都合のいい女になるはずが溺愛されてます
「あ、麗が好きなたこ焼きもあるっちゃけど!麗こっち来てみぃ」

「ちょっとお前声でかい」


大興奮の類と迷惑そうな麗。
ふと麗は佐久間と顔を合わせた。


「すみません、出張から帰ってきてお疲れなのにお土産まで買っていただいて」

「大丈夫だよ。疲れたってより腹減った。
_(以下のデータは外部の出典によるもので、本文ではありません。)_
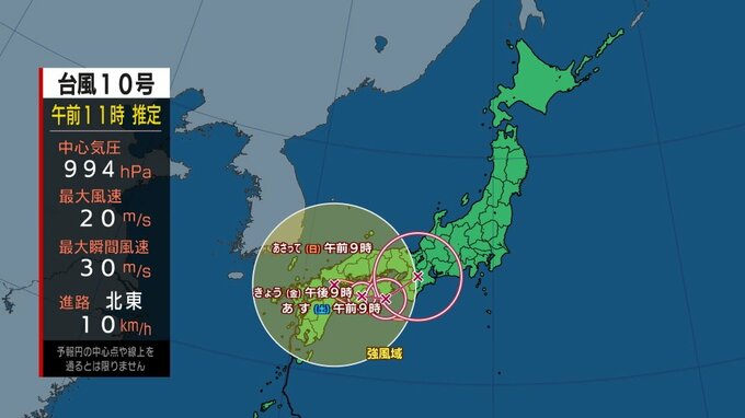 気象庁によりますと台風10号は、30日10時には国東市付近にあって、1時間におよそ10キロの速さで北東へ進んでいます。中心の気圧は994ヘクトパスカル、最大風速は20メートル、最大瞬間風速は30メートルで中心から半径390キロ以内では風速15メートル以上の強い風が吹いています。
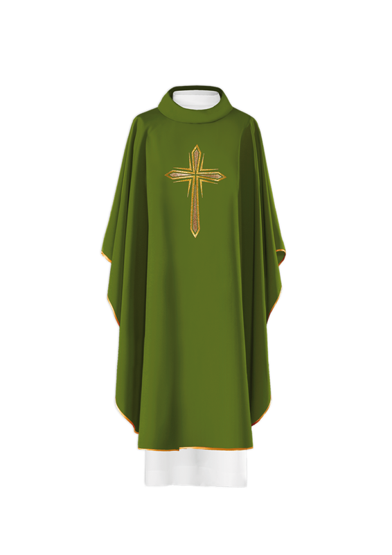 Ornat wykonany z wysokiej jakości tkaniny gładkiej, zdobiony bogatym haftem z symbolem Krzyża. Całość wykończona złoto-satynową lamówką. Dostępny we wszystkich kolorach liturgicznych.
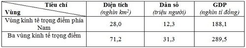 + Thể hiện tỉ trọng (về diện tích, dân số, GDP) của vùng kinh tế trọng điểm phía Nam so với 3 vùng kinh tế trọng điểm.
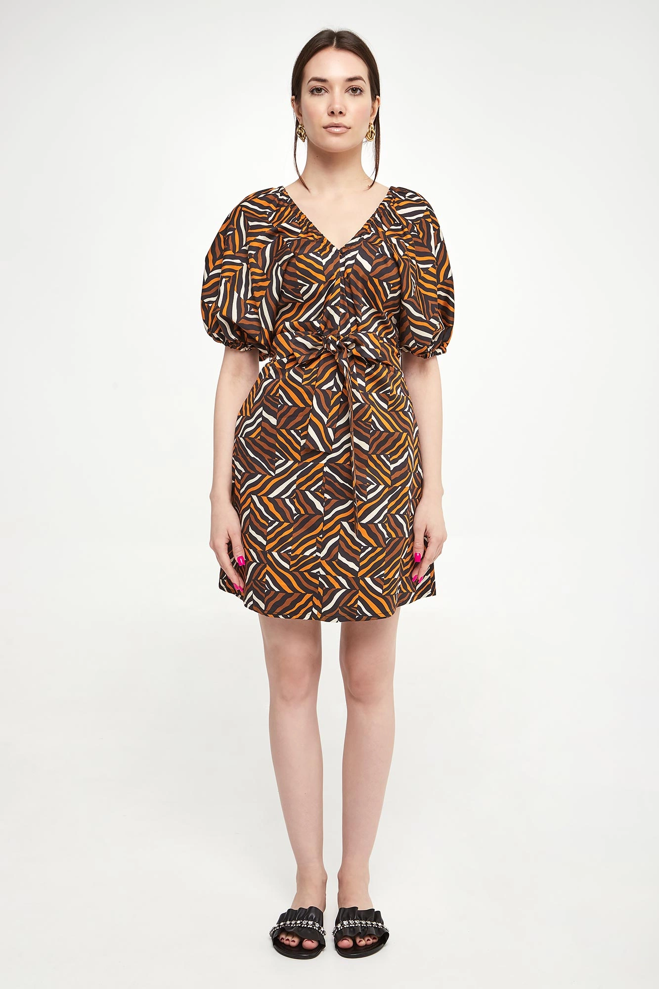- Krótkie bufiaste rękawy.
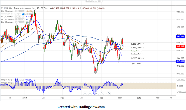 As per our analysis GBPJPY declined sharply more than 250pips after hitting high of 149.48. This is the fourth time crossing above 149 (149.71,149.42,149.51,149.48) and declined from that level. It hits low of 146.92 and is currently trading around 147.18.

みんな飯食った?」

「まだです」


なんか、麗と佐久間が会話してるの見たらむずむずするな。
建前で喋ってます感がすごい。


「じゃあ飯食いに行かね?俺奢るから」

「マジっすか!」


佐久間の提案に食いついたのは類。
ほんと単純で素直でかわいいなぁ。


「元からそのつもりだからいいよ。焼肉どう?」

「焼肉……」


でも焼肉の言葉に、今度は麗が目を輝かせる。
麗も大人びてるけどこういうところで少年っぽさが抜け切れてなくてかわいい。


「仁奈も焼肉でいい?」

「焼肉は二つ返事で行くしかないですね」

「あは、よかった。じゃあさっそく今から行こう」


いろいろ心配してたけど、佐久間の言葉にすぐ準備をする弟たち。
なんだかんだ佐久間の方が一枚上手だったな。